The incidences of specific all-grade trAEs are summarized in Figure 5 . We noted that the incidences of anemia, decreased WBC count, decreased neutrophil count, nausea, fatigue, diarrhea, and alopecia for patients treated with ICIs were greater than 20%, as follows: 27.3% (95% CI: 23.5–31.2%), 24.0% (95% CI: 19.9–28.0%), 23.9% (95% CI: 20.5–27.4%), 23.6% (95% CI: 21.0–26.2%), 23.0% (95% CI: 20.8–25.3%), 21.7% (95% CI: 19.4–24.0%), and 20.7% (95% CI: 18.4–22.9%), respectively. Moreover, the incidences of specific grade ≥ 3 trAEs, including decreased neutrophil count, neutropenia, decreased WBC count, anemia, hypertension, and decreased platelet count were greater than 5%, as follows: 15.5% (95% CI: 13.7–17.4%), 11.5% (95% CI: 10.2–12.8%), 8.6% (95% CI: 7.2–10.0%), 7.7% (95% CI: 6.8–8.5%), 7.5% (95% CI: 5.9–9.0%), and 5.9% (95% CI: 4.7–7.1%), respectively ( Figure 6 ).
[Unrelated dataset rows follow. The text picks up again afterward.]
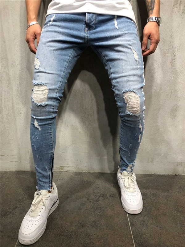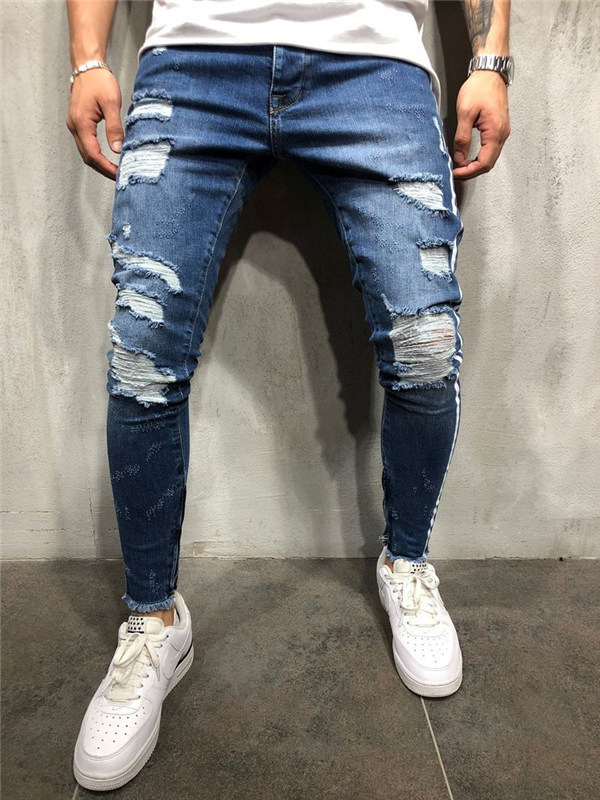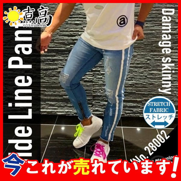 デニムパンツ メンズ スキニーデニム 細身 サイドライン ダメージ加工 スリム タイト ジーンズ ジーパン ストレッチ 伸縮 アンクルパンツ ボトムス
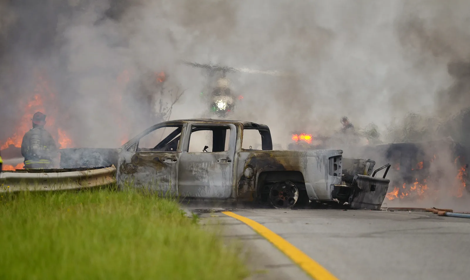 Firefighters with multiple departments battle a fire at a fatal accident involving a tanker in Spartanburg, S.C., Saturday, June 27, 2015. Officials say two people are dead following the fiery crash involving a tanker truck and at least one other vehicle on Interstate 26. S.C. Highway Patrol Lance Cpl. Bill Rhyne confirmed the two deaths in Saturday's crash. (Photo by Tim Kimzey/The Spartanburg Herald-Journal via AP Photo)
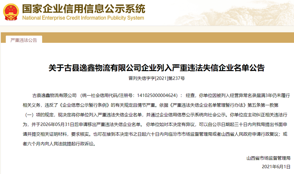中國(guó)質(zhì)量新聞網(wǎng)訊 從國(guó)家企業(yè)信用信息公示系統(tǒng)獲悉,2021年6月1日,山西省市場(chǎng)監(jiān)督管理局發(fā)布關(guān)于古縣逸鑫物流有限公司列入嚴(yán)重違法失信企業(yè)名單的公告(晉列失信字字[2021]第237號(hào))。
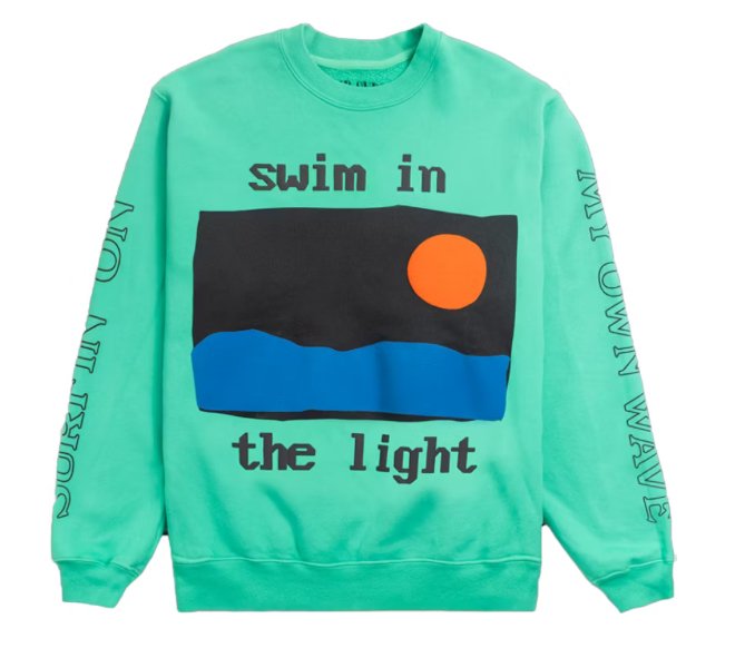 The “Swim In The Light” crewneck stands out not only for its association with iconic names but also for its design. The teal colorway is both bold and refreshing, deviating from the more conventional hues often seen in streetwear. This choice of color symbolizes a sense of tranquility and introspection, qualities that are frequently associated with Kid Cudi’s music. His work often delves into themes of mental health, self-discovery, and emotional vulnerability, making the color teal an apt representation of the soothing and reflective nature of his art.
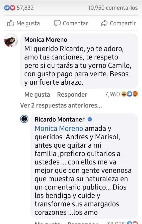 Si bien el mensaje de la mujer fue de manera educada, el haber cuestionado la presencia de Camilo en el show "Los Montaner" desató la furia de Ricardo. “Mi querido Ricardo, yo te adoro, amo tus canciones, te respeto, pero si quitaras a tu yerno Camilo, con gusto pago para verte. Besos y un fuerte abrazo", escribió su seguidora.
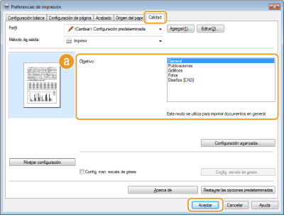 Seleccione una opción que se adapte al tipo de documento o al propósito de la impresión. Por ejemplo, seleccione [General] para el uso general, o seleccione [Fotos] cuando desee imprimir imágenes fotográficas con una calidad de impresión óptima.
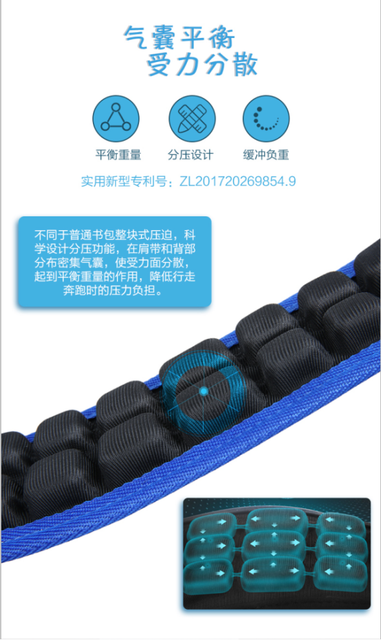 专为孩子设计符合人体工程的减负护脊气囊式书包,

There were significant publication biases for grade ≥ 3 irAEs and all-grade or grade ≥ 3 trAEs ( Supplementary 5 ), and the conclusions were stabilized for all-grade trAEs and reduced for grade ≥ 3 irAEs and trAEs after adjusting the potential publication bias using the trim and fill method (27).